• **Brief**:
Begin at the line below that holds "Rendez-vous au 20e" and end at the line that holds "Олимпиада-2018, Пхенчхан, призеры", transcribing each line exactly and skipping any picture.

• **Provided data**:
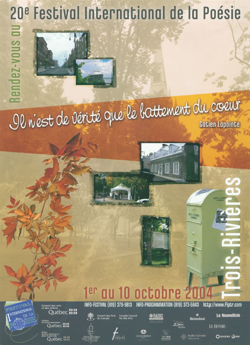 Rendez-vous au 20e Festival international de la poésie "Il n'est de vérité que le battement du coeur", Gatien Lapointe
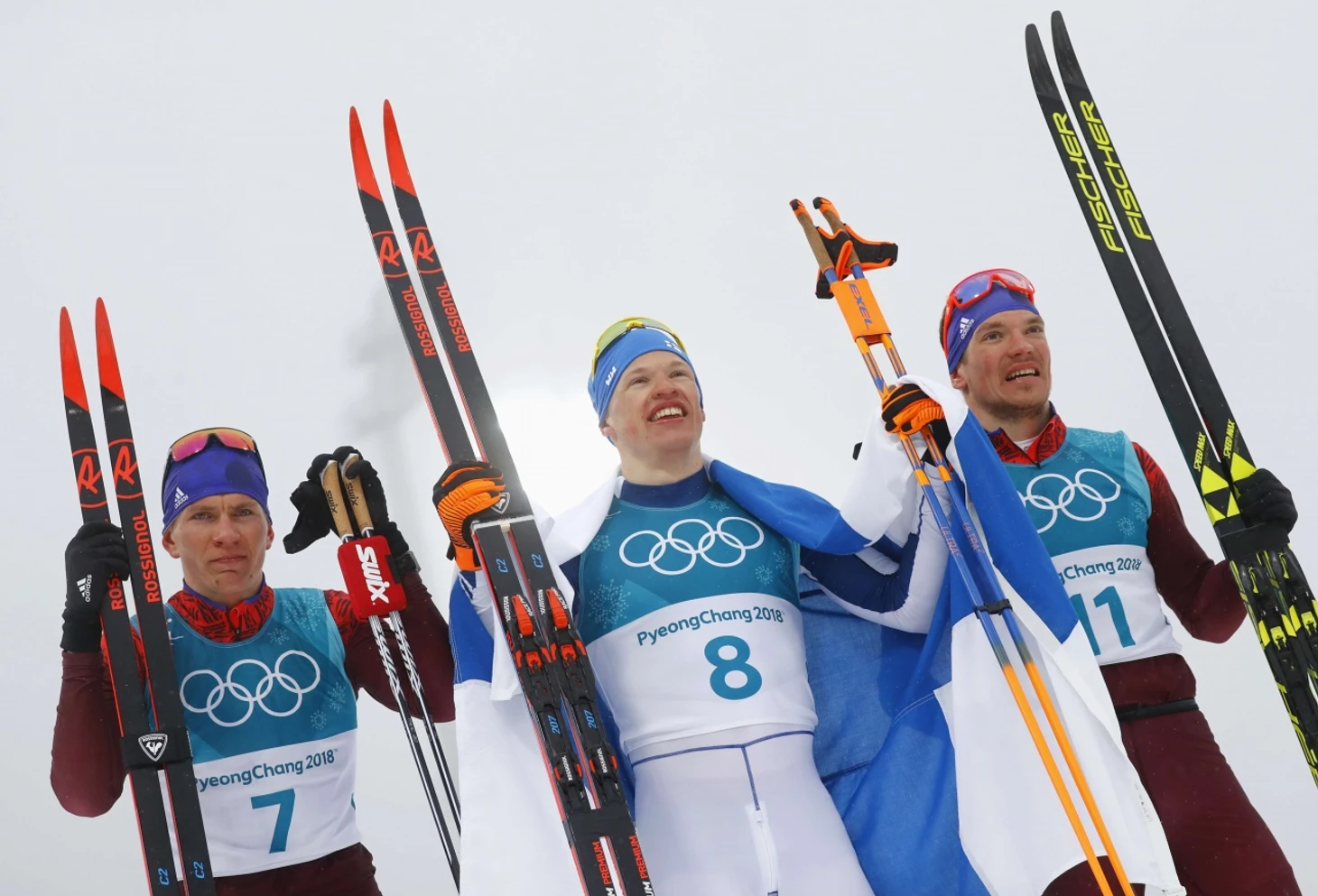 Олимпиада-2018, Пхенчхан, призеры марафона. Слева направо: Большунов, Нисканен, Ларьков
---
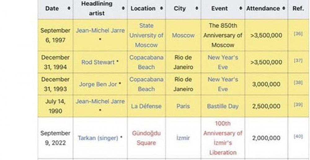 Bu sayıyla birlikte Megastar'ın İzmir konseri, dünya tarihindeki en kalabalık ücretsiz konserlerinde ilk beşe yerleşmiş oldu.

• **Written answer**:
 Rendez-vous au 20e Festival international de la poésie "Il n'est de vérité que le battement du coeur", Gatien Lapointe
 Олимпиада-2018, Пхенчхан, призеры марафона. Слева направо: Большунов, Нисканен, Ларьков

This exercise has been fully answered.